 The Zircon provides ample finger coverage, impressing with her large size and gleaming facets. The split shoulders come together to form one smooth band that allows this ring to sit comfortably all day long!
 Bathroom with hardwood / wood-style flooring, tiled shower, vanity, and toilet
---
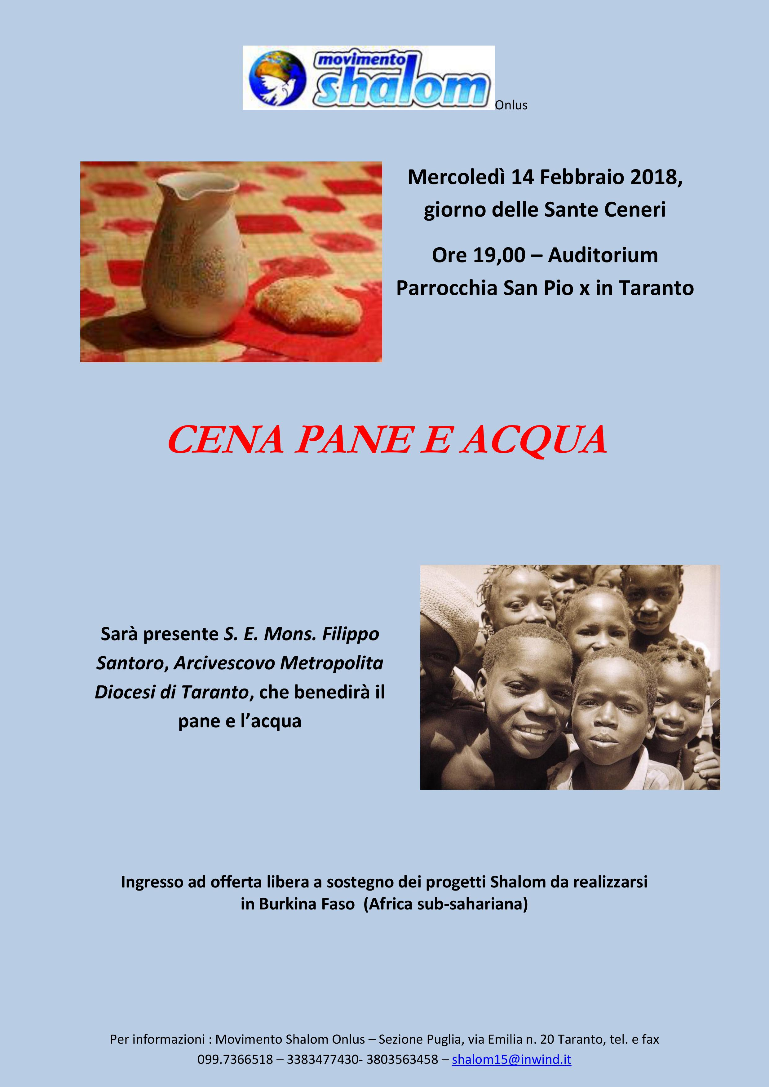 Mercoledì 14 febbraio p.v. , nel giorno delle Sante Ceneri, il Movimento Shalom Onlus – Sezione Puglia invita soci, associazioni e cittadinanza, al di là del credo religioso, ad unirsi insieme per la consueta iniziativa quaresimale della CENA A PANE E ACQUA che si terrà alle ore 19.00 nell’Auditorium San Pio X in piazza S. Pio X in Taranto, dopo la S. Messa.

Work to complete ▸ A complete answer gives every line of the data that includes "with".

Written reply ▸
 The Zircon provides ample finger coverage, impressing with her large size and gleaming facets. The split shoulders come together to form one smooth band that allows this ring to sit comfortably all day long!
 Bathroom with hardwood / wood-style flooring, tiled shower, vanity, and toilet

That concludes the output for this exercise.